4:10pm Wednesday 9th September 2009
By Lawrie McMenemy
OFTEN over the years, especially as more than one of my grandsons takes part in that other game called rugby, I have my leg pulled when watching them play.
Die-hards of the 15-man sport poke fun at some of the goings-on which they have read about in professional football.
I can’t wait to see some of them in the coming school season after the Harlequins fiasco.
You could try to laugh it off when you see that one of their staff paid £3.95 for some fake blood capsules from a joke shop in Clapham Junction which were then to be used when a player needed to feign injury for a blood substitution.
Joking apart, though, it is obviously one of the most serious problems to have hit the good game in its long history.

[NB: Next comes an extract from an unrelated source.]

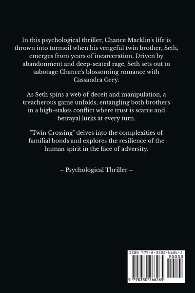 In the psychological thriller, the internet's virtual world sets the stage for a high-stakes game of deception and betrayal. Chance Macklin is ensnared in a web of lies spun by his vengeful twin, Seth, which jeopardizes his budding romance with Cassandra Grey. Seth's thirst for vengeance intensifies, fueled by perceived abandonment during his incarceration, putting Chance's very existence at risk. Amidst the chaos, young Brad Genova emerges as a steadfast ally, offering unwavering loyalty and hope. Together, Chance and Brad embark on a perilous journey to protect Cassandra and uncover the chilling secrets of Seth's troubled past. Exploring mental illness, family bonds, and human resilience, this suspenseful story keeps you guessing until the very end.

Apart from the fact that nearly everyone involved in any sport takes an interest in other professions, the thing that stuck out to me was that Harlequins hired lawyers to try to stop the punishment going as far as expulsion from a particular competition or a points deduction by using the Tevez affair as an example Their argument was that it would not be appropriate because ‘a substantial number of innocent persons would have thereby suffered a serious detriment.’ If in fact that argument meant West Ham did not have points deducted over the Carlos Tevez affair, how come the likes of our beloved Saints and others in the lower divisions have got to accept without any argument starting a season so far behind the others that unless they get wins in the first month the talk is more about avoiding relegation than getting promotion?
Could it be there is one rule for the Premiership and another one for the rest?
Obviously since the Premiership broke away there has been huge differences in the injection of cash in particular.
But surely when it comes to harming the innocents, and by that I mean loyal supporters, it should be the same argument for Harlequins and West Ham.